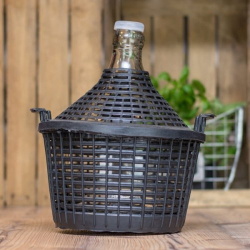 Balon w koszu plastikowym z wąskim otworem 54l na wino, nalewki i miód pitny
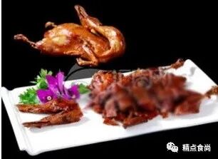 (四)童子鸡:制作方法:1、腌制:夏天5-6小时,春天12小时,冬天24小时。(在水中加盐、花椒、千里香、料酒)。2、整形:将肚皮朝上,右边的翅膀插入鸡喉,从嘴巴里拉出来,鸡爪放入肚子里面。3、出水后,直接放入调好味的卤锅中,卤制12-15分钟即可。
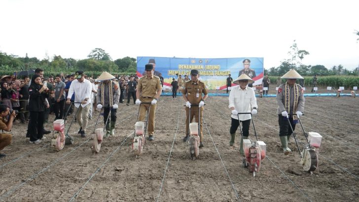 Penanaman dilakukan secara simbolis sebagai tanda dimulainya rangkaian tanam jagung skala luas di wilayah tersebut.
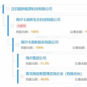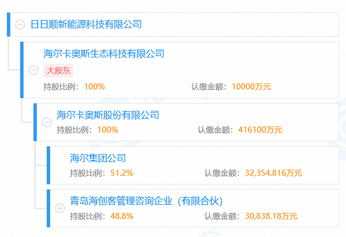 而关于“日日顺”这个名字,最新相关的是2022年5月成立的日日顺新能源科技,该公司注册资本1亿,由海尔卡奥斯生态科技有限公司全资持股,后者由海尔集团公司、青岛海创客管理咨询企业(有限合伙)持股。
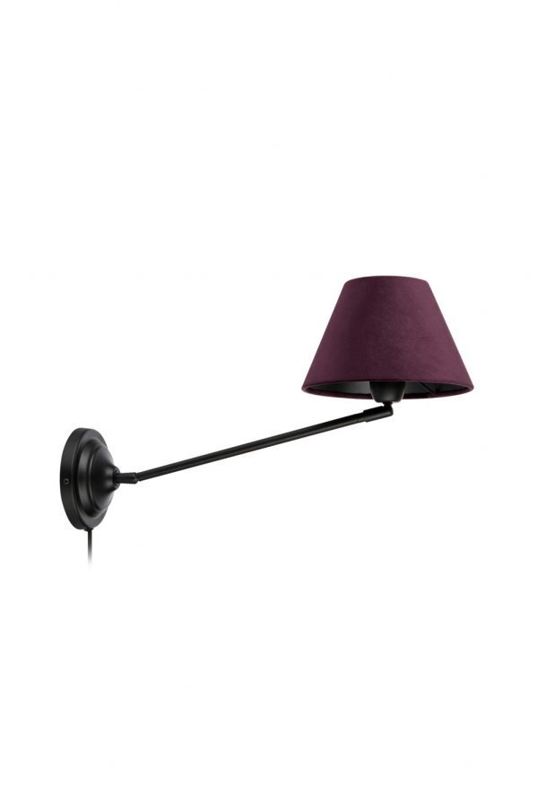 Markslöjd Garda -seinävalaisin. Runko metallia. Kääntyvä lampunjalka ja varjostin. Varjostin samettia. Leveys 20 cm, syvyys 32 cm. 2 m:n kangasjohto, jossa virtakytkin. Iso lampunkanta E27, enintään 60 W:n hehkulamppu tai vastaava halogeeni-, energiansäästö- tai LED-lamppu. Valonlähde ei mukana.
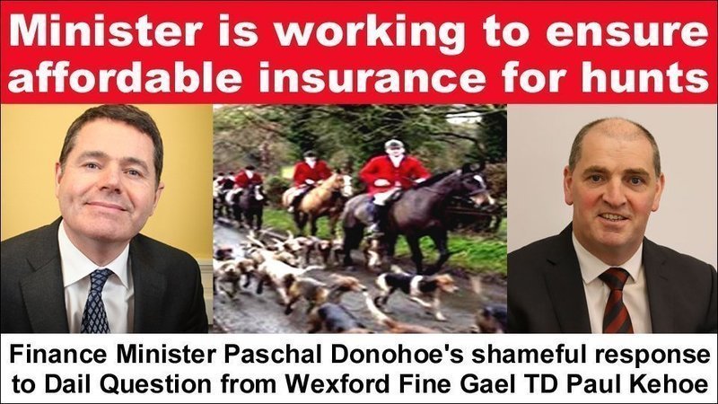 Minister Donohoe (Dublin Central) was responding to a Dail Question from pro-bloodsports TD Paul Kehoe (Wexford) who asked about "measures that are being undertaken to ensure access to affordable insurance for hunts"
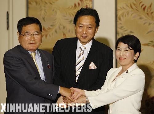 9月9日,日本民主党代表(即党首)鸠山由纪夫(中)、社民党党首福岛瑞穗(右)和国民新党代表龟井静香在日本首都东京握手。当天,在日本众议院大选中获胜的民主党与社民党和国民新党就三党联合执政达成了协议。
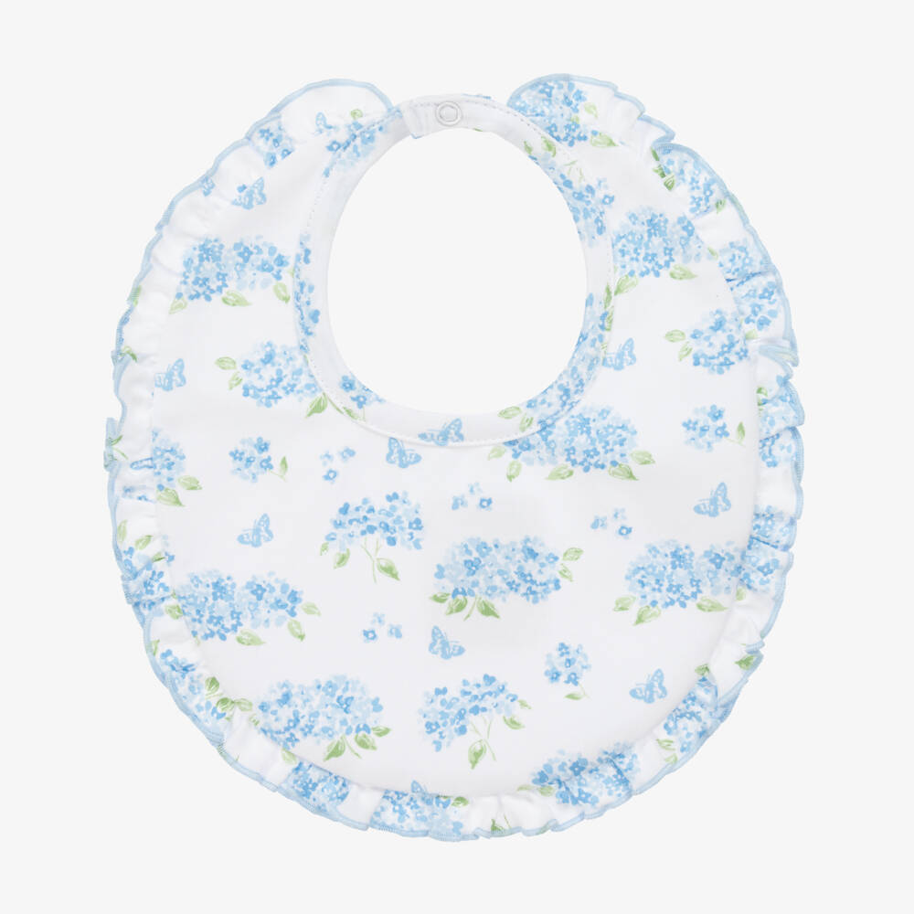Patterned in a lovely blue floral print against a white background, this charming bib for baby girls is by Kissy Kissy. It is made in a double layer of super soft Pima cotton jersey, with a pretty frilled trim. It fastens easily with a single popper behind the neck.
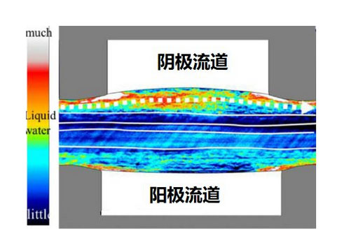 當燃料電池從大電流密度工況切換到極小電流密度工況時(比如汽車停車進入怠速工況),氫氣循環(huán)泵提供的氫氣量也隨著減少,電堆出口處的液態(tài)水則可能被倒吸回電池內(nèi)。這是因為流路孔徑通常較小,流道表面表現(xiàn)為親水性時,在毛細作用下液態(tài)水回吸至電池內(nèi)。此時,如果汽車仍保持怠速工況,則有可能發(fā)生水淹現(xiàn)象。
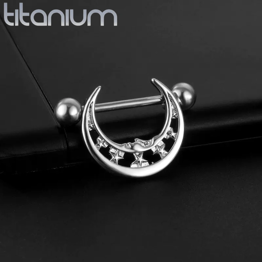 Piercing téton en forme de croissant de lune orné d’étoiles. Ce bijou en titane ASTM-F136 éclaire votre corps d’une lumière céleste. Vendu à l’unité.
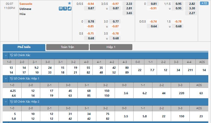 Bảng tỷ lệ kèo trực tuyến trận Sassuolo vs Udinese:
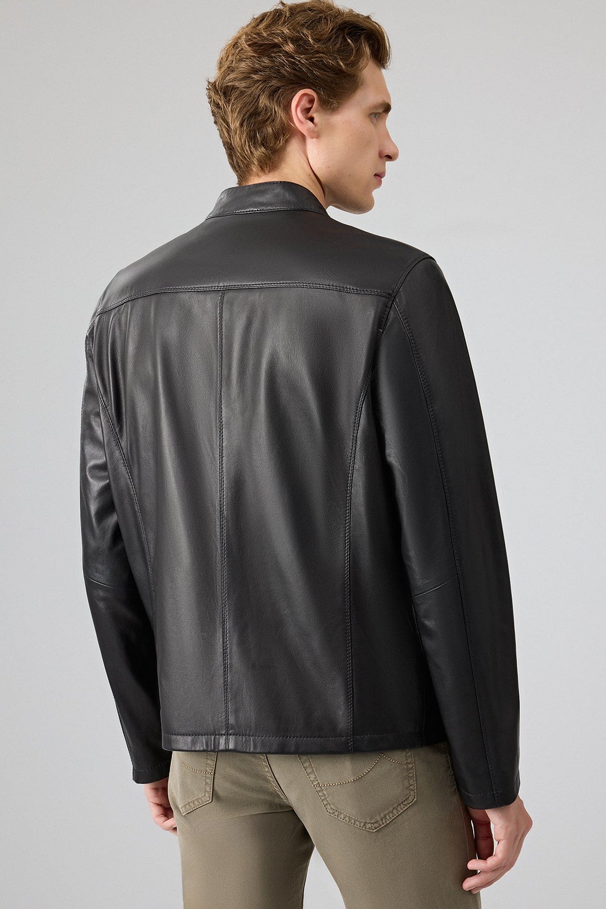 Insignia Erkek Siyah Hakim Yaka Deri Ceket
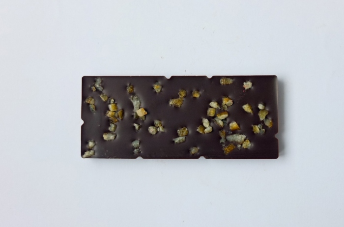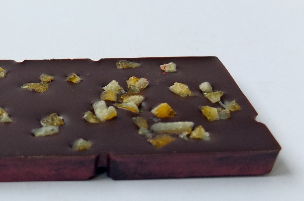 Tabulková čokoláda z mléčné čokolády s přidanou kandovanou pomerančovou kůrou.
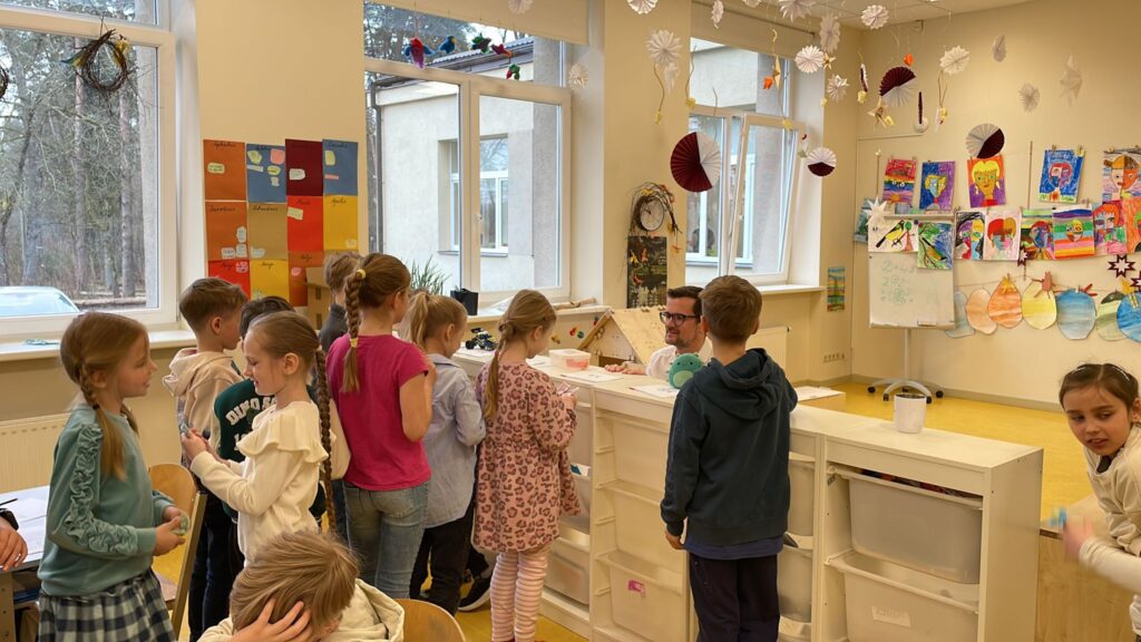 Rūdolfs Birnbaums viesojās divās klasēs – 1.a un 3.a. Ja 1.a klase mācījās par procentiem dzīvē un matemātikā, izspēlējot praktisku preču pirkšanu un cenšoties saprast, kā veidojas atlaides, tad 3.a klase runāja par valodu – kāpēc tā nepieciešama un cik daudz valodu vispār ir, kāpēc ieguvējs būs tas, kurš daudz lasa un šādi bagātina savu valodu. Tāpat 3.a klasē viesojās arī divas mammas – Dace Mežavilka un Diāna Vaitniece. Vecāki bija rūpīgi gatavojušies, plānojuši mācību stundas tā, lai skolēni domātu par savām interesēm, nākotnes izvēlēm un mācīšanos šobrīd, lai to sasniegtu.
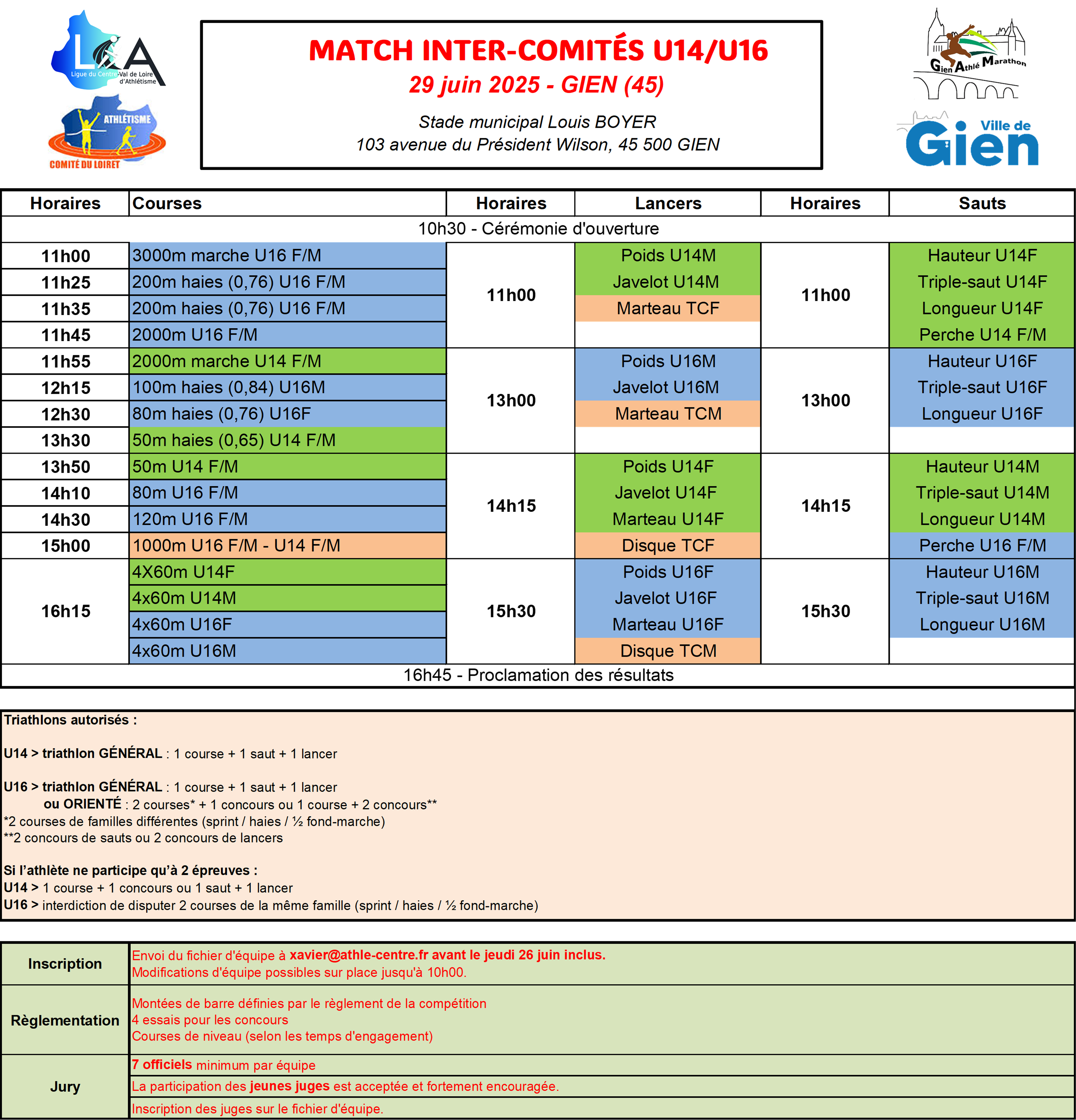 Le fichier d’équipe de chaque comité départemental est à envoyer par mail à xavier@athle-centre.fr., avant le jeudi 26 juin inclus.
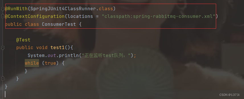然后创建一个测试类,与生产者相同加两个 注解,然后在测试方法里死循环的去监听队列
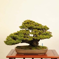 葉が短く、芽が細かい八房性の五葉松です。 この雄々しい葉が一年中楽しめます。 古味を帯び年月を感じる幹も迫力がありとても飾り栄えします。 展示会で賞を狙える程の逸品です。
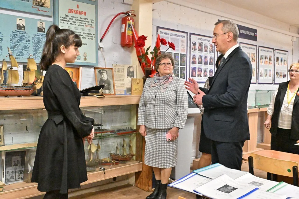 Глава региона рассказал, в частности, о кабинете географии, где на полу изображена карта арктического шельфа, а посередине класса возвышается настоящий штурвал.

- - - -

ASSIGNED TASK:
Omit every picture, and otherwise quote the entries exactly.

SOLVED PROBLEM:
 Balon w koszu plastikowym z wąskim otworem 54l na wino, nalewki i miód pitny
 (四)童子鸡:制作方法:1、腌制:夏天5-6小时,春天12小时,冬天24小时。(在水中加盐、花椒、千里香、料酒)。2、整形:将肚皮朝上,右边的翅膀插入鸡喉,从嘴巴里拉出来,鸡爪放入肚子里面。3、出水后,直接放入调好味的卤锅中,卤制12-15分钟即可。
 Penanaman dilakukan secara simbolis sebagai tanda dimulainya rangkaian tanam jagung skala luas di wilayah tersebut.
 而关于“日日顺”这个名字,最新相关的是2022年5月成立的日日顺新能源科技,该公司注册资本1亿,由海尔卡奥斯生态科技有限公司全资持股,后者由海尔集团公司、青岛海创客管理咨询企业(有限合伙)持股。
 Markslöjd Garda -seinävalaisin. Runko metallia. Kääntyvä lampunjalka ja varjostin. Varjostin samettia. Leveys 20 cm, syvyys 32 cm. 2 m:n kangasjohto, jossa virtakytkin. Iso lampunkanta E27, enintään 60 W:n hehkulamppu tai vastaava halogeeni-, energiansäästö- tai LED-lamppu. Valonlähde ei mukana.
 Minister Donohoe (Dublin Central) was responding to a Dail Question from pro-bloodsports TD Paul Kehoe (Wexford) who asked about "measures that are being undertaken to ensure access to affordable insurance for hunts"
 9月9日,日本民主党代表(即党首)鸠山由纪夫(中)、社民党党首福岛瑞穗(右)和国民新党代表龟井静香在日本首都东京握手。当天,在日本众议院大选中获胜的民主党与社民党和国民新党就三党联合执政达成了协议。
Patterned in a lovely blue floral print against a white background, this charming bib for baby girls is by Kissy Kissy. It is made in a double layer of super soft Pima cotton jersey, with a pretty frilled trim. It fastens easily with a single popper behind the neck.
 當燃料電池從大電流密度工況切換到極小電流密度工況時(比如汽車停車進入怠速工況),氫氣循環(huán)泵提供的氫氣量也隨著減少,電堆出口處的液態(tài)水則可能被倒吸回電池內(nèi)。這是因為流路孔徑通常較小,流道表面表現(xiàn)為親水性時,在毛細作用下液態(tài)水回吸至電池內(nèi)。此時,如果汽車仍保持怠速工況,則有可能發(fā)生水淹現(xiàn)象。
 Piercing téton en forme de croissant de lune orné d’étoiles. Ce bijou en titane ASTM-F136 éclaire votre corps d’une lumière céleste. Vendu à l’unité.
 Bảng tỷ lệ kèo trực tuyến trận Sassuolo vs Udinese:
 Insignia Erkek Siyah Hakim Yaka Deri Ceket
 Tabulková čokoláda z mléčné čokolády s přidanou kandovanou pomerančovou kůrou.
 Rūdolfs Birnbaums viesojās divās klasēs – 1.a un 3.a. Ja 1.a klase mācījās par procentiem dzīvē un matemātikā, izspēlējot praktisku preču pirkšanu un cenšoties saprast, kā veidojas atlaides, tad 3.a klase runāja par valodu – kāpēc tā nepieciešama un cik daudz valodu vispār ir, kāpēc ieguvējs būs tas, kurš daudz lasa un šādi bagātina savu valodu. Tāpat 3.a klasē viesojās arī divas mammas – Dace Mežavilka un Diāna Vaitniece. Vecāki bija rūpīgi gatavojušies, plānojuši mācību stundas tā, lai skolēni domātu par savām interesēm, nākotnes izvēlēm un mācīšanos šobrīd, lai to sasniegtu.
 Le fichier d’équipe de chaque comité départemental est à envoyer par mail à xavier@athle-centre.fr., avant le jeudi 26 juin inclus.
然后创建一个测试类,与生产者相同加两个 注解,然后在测试方法里死循环的去监听队列
 葉が短く、芽が細かい八房性の五葉松です。 この雄々しい葉が一年中楽しめます。 古味を帯び年月を感じる幹も迫力がありとても飾り栄えします。 展示会で賞を狙える程の逸品です。
 Глава региона рассказал, в частности, о кабинете географии, где на полу изображена карта арктического шельфа, а посередине класса возвышается настоящий штурвал.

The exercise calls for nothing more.